What you return should be only the lines in the entries below between the one holding "Découvrez le Plafonnier" and the one holding "Guarda Roupa De", ends included, with every picture left out.

Input ->
──────────
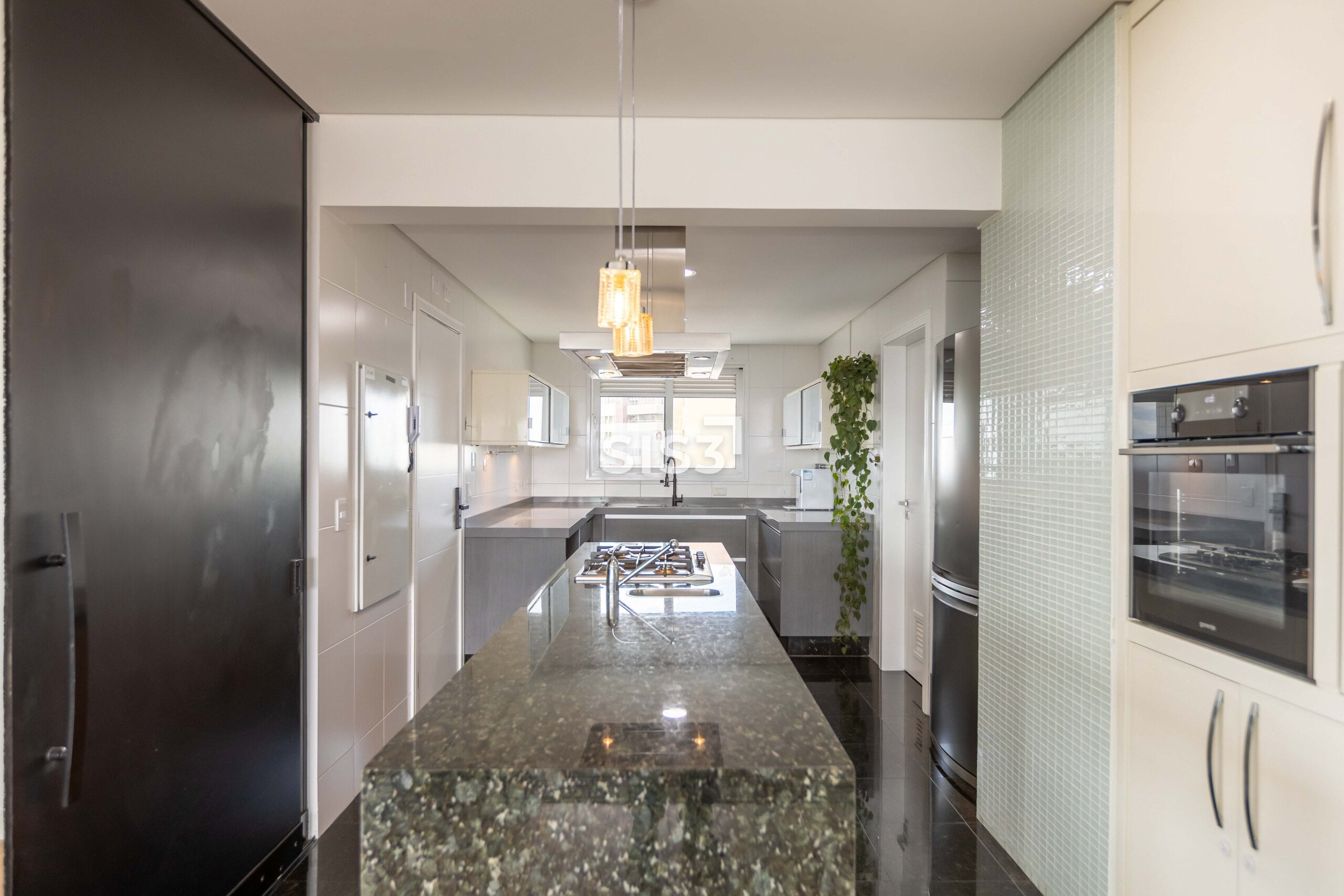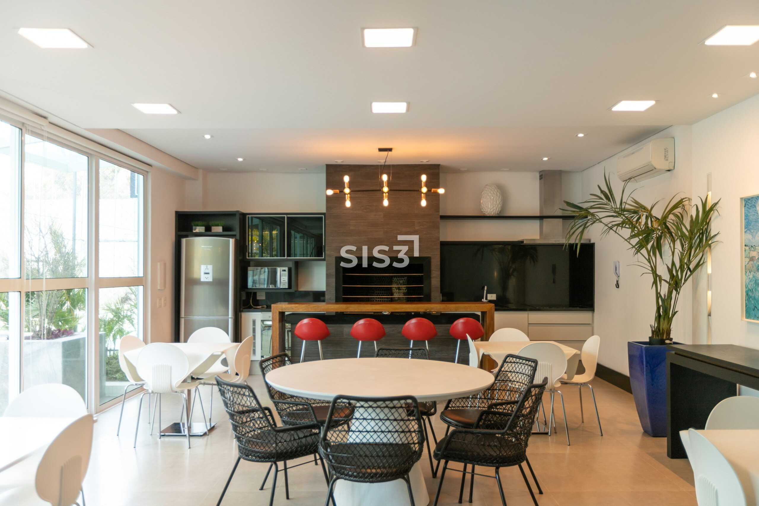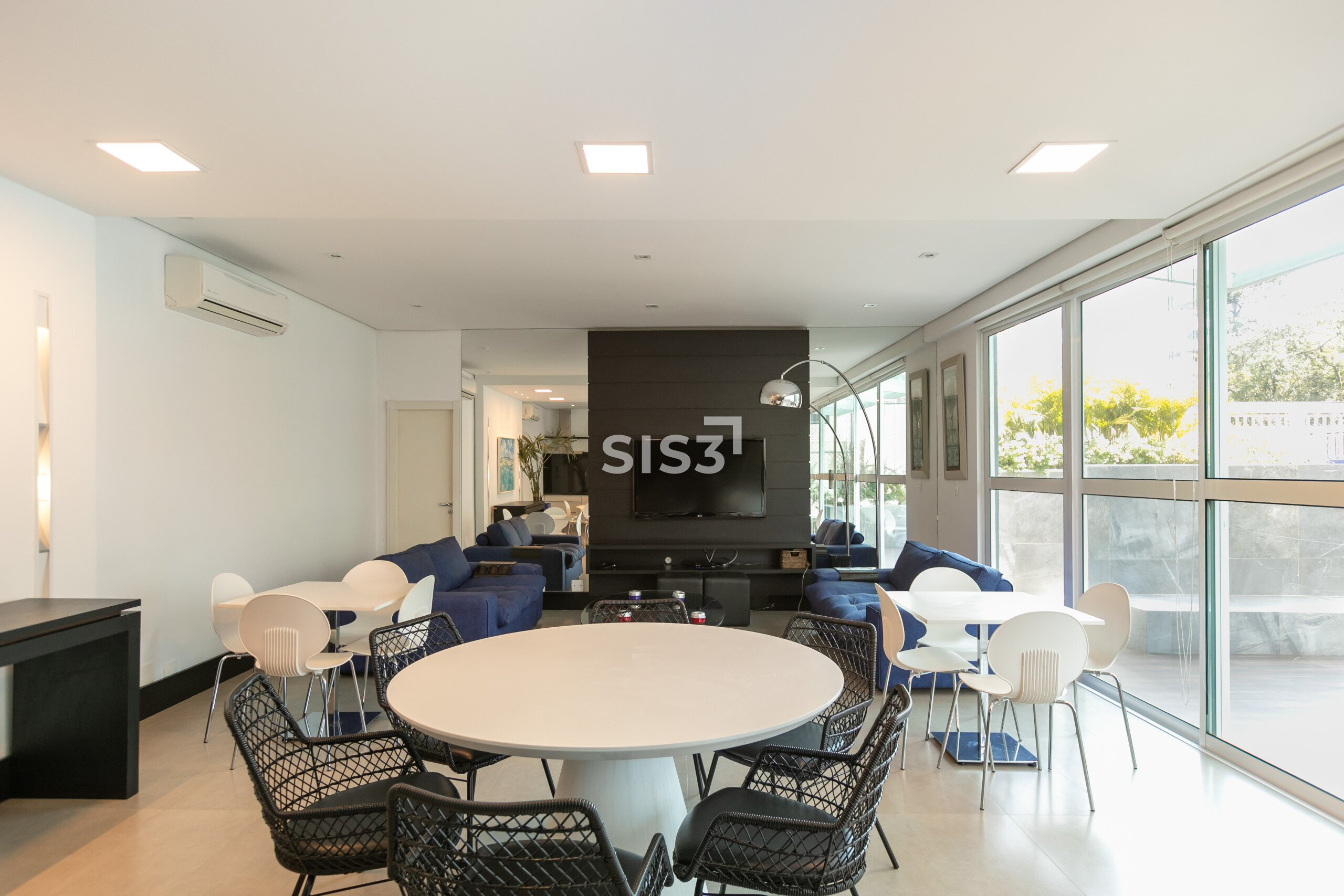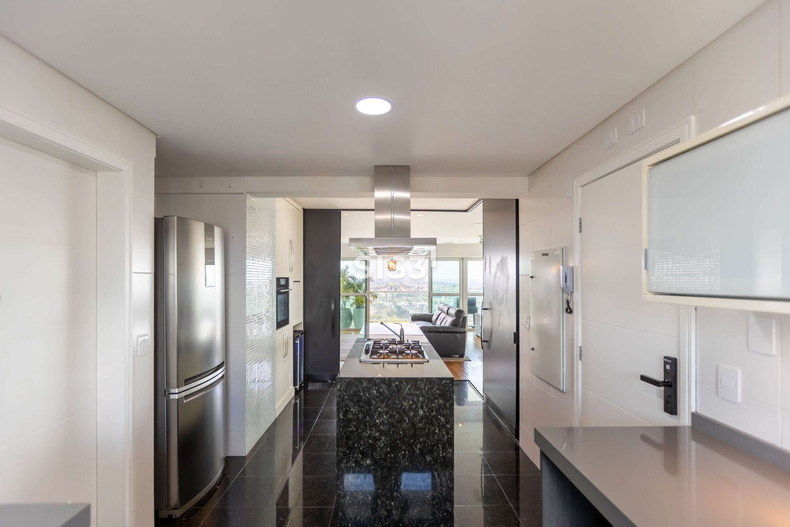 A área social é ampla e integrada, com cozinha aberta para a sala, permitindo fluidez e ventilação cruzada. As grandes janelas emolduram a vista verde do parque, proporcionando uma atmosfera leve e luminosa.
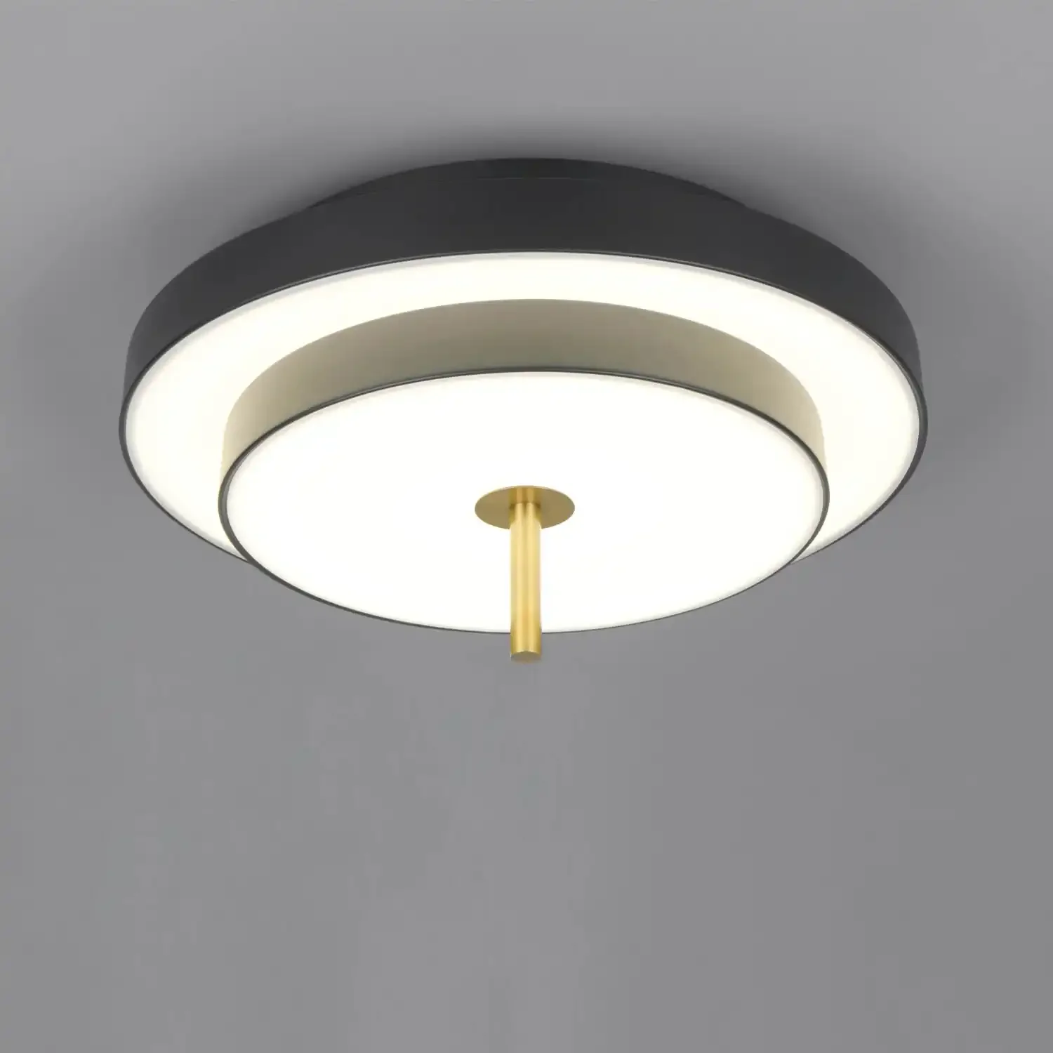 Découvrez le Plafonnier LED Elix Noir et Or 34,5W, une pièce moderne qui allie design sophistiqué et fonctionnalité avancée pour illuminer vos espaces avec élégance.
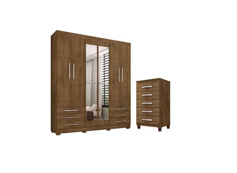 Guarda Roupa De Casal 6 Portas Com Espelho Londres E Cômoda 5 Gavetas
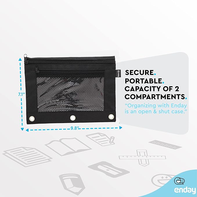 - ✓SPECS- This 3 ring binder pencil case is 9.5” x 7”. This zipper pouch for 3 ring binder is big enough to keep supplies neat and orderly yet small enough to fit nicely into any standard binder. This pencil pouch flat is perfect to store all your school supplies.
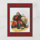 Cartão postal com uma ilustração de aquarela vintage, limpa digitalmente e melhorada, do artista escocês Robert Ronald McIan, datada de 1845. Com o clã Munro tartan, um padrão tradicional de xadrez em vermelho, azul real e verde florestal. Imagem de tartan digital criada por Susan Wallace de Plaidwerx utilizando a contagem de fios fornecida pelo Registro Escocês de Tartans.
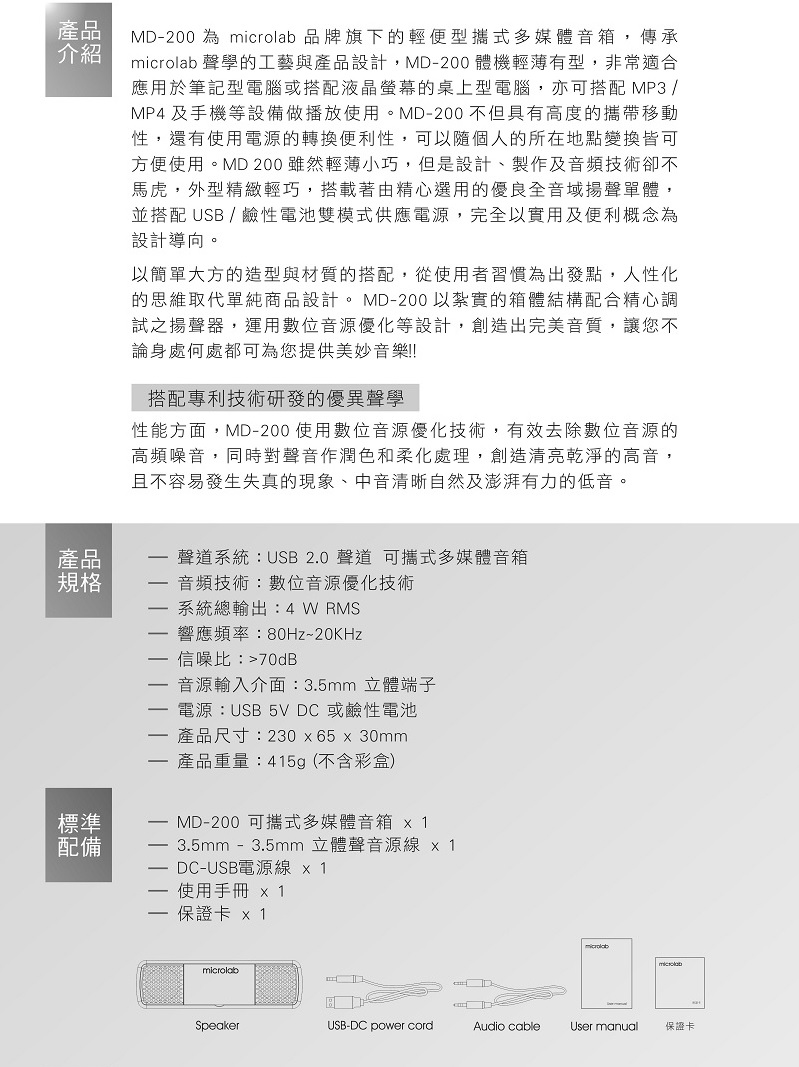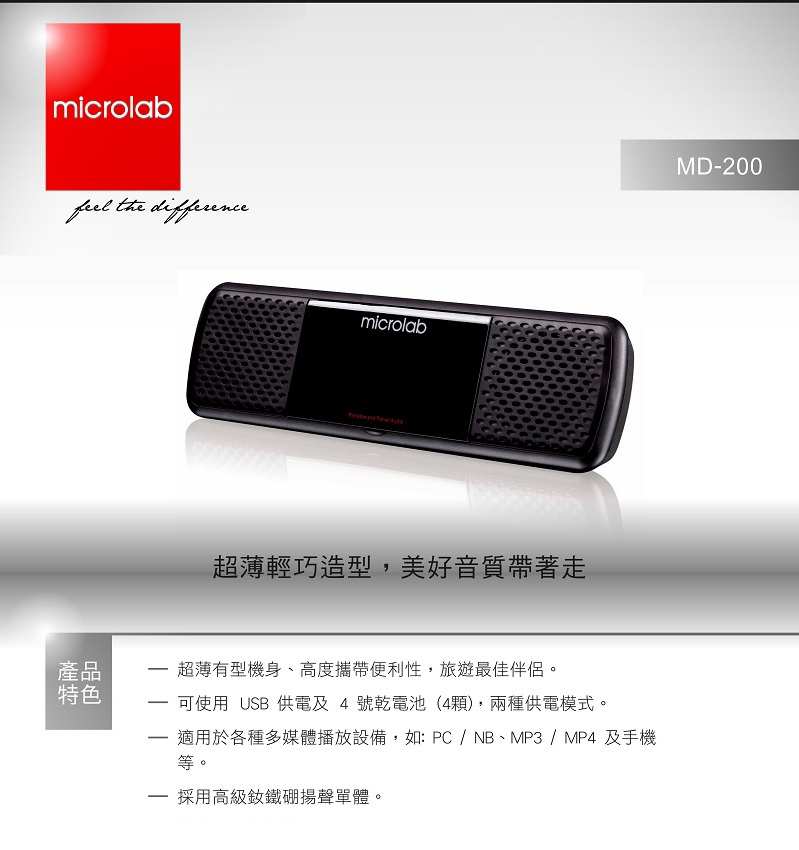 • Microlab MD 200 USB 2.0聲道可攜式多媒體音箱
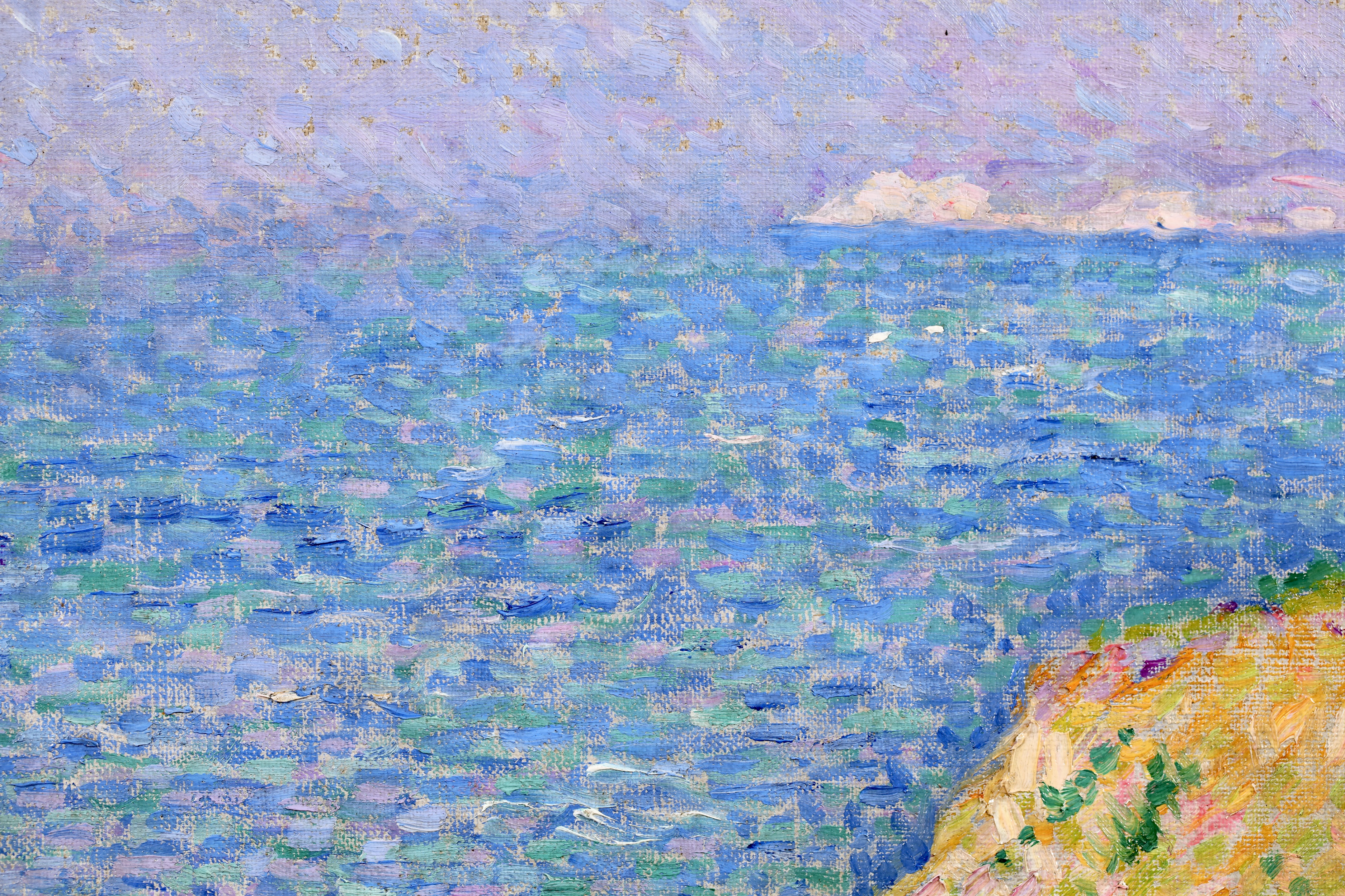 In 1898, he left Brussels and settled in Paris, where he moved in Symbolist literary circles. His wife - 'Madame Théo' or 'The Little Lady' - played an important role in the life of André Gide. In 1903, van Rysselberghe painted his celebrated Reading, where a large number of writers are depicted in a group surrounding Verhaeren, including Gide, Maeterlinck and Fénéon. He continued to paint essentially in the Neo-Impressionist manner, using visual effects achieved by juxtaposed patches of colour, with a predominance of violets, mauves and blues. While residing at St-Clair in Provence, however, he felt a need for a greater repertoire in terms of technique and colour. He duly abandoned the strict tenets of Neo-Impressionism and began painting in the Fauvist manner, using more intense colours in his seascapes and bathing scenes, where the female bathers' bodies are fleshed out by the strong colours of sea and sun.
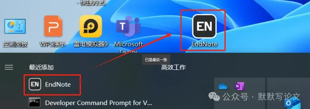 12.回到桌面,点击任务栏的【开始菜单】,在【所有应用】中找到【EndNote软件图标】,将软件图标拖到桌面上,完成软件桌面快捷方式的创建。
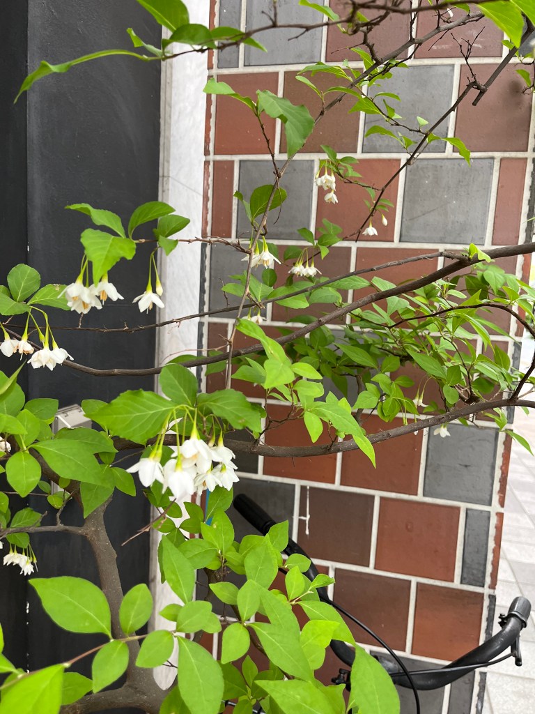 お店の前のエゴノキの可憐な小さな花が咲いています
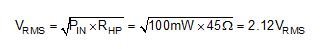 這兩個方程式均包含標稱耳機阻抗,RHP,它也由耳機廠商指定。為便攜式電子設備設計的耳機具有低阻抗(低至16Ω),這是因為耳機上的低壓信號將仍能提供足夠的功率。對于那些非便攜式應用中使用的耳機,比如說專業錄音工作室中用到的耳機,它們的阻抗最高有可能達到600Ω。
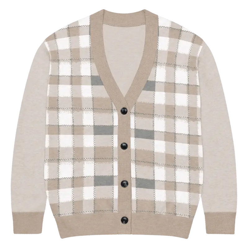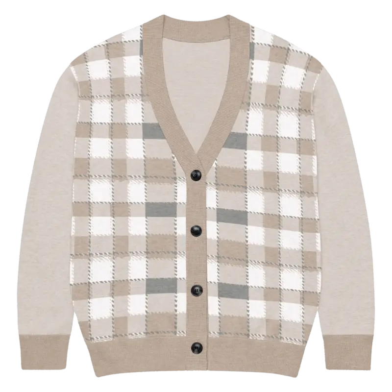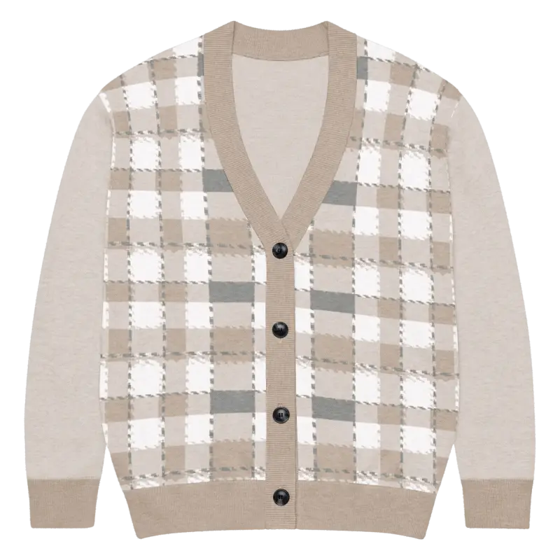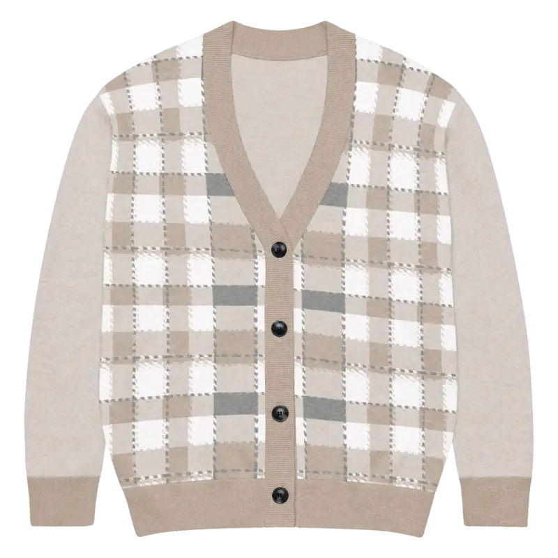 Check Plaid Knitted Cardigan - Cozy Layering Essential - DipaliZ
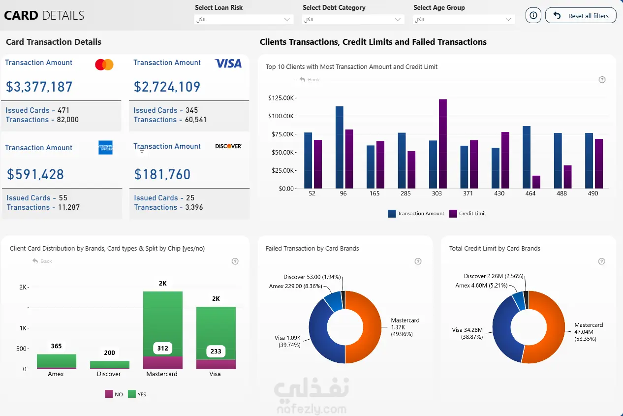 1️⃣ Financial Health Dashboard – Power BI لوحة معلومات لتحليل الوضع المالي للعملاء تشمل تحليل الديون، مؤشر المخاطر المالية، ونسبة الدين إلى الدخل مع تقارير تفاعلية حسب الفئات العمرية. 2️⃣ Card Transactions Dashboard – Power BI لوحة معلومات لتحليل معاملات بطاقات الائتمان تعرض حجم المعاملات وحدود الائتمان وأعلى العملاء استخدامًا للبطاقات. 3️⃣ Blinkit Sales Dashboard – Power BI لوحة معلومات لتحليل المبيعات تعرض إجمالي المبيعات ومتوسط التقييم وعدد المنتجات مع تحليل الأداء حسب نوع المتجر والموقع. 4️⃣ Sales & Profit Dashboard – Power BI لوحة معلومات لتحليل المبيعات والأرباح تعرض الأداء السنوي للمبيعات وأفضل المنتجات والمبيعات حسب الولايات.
──────────
Answer box ->
 Découvrez le Plafonnier LED Elix Noir et Or 34,5W, une pièce moderne qui allie design sophistiqué et fonctionnalité avancée pour illuminer vos espaces avec élégance.
 Guarda Roupa De Casal 6 Portas Com Espelho Londres E Cômoda 5 Gavetas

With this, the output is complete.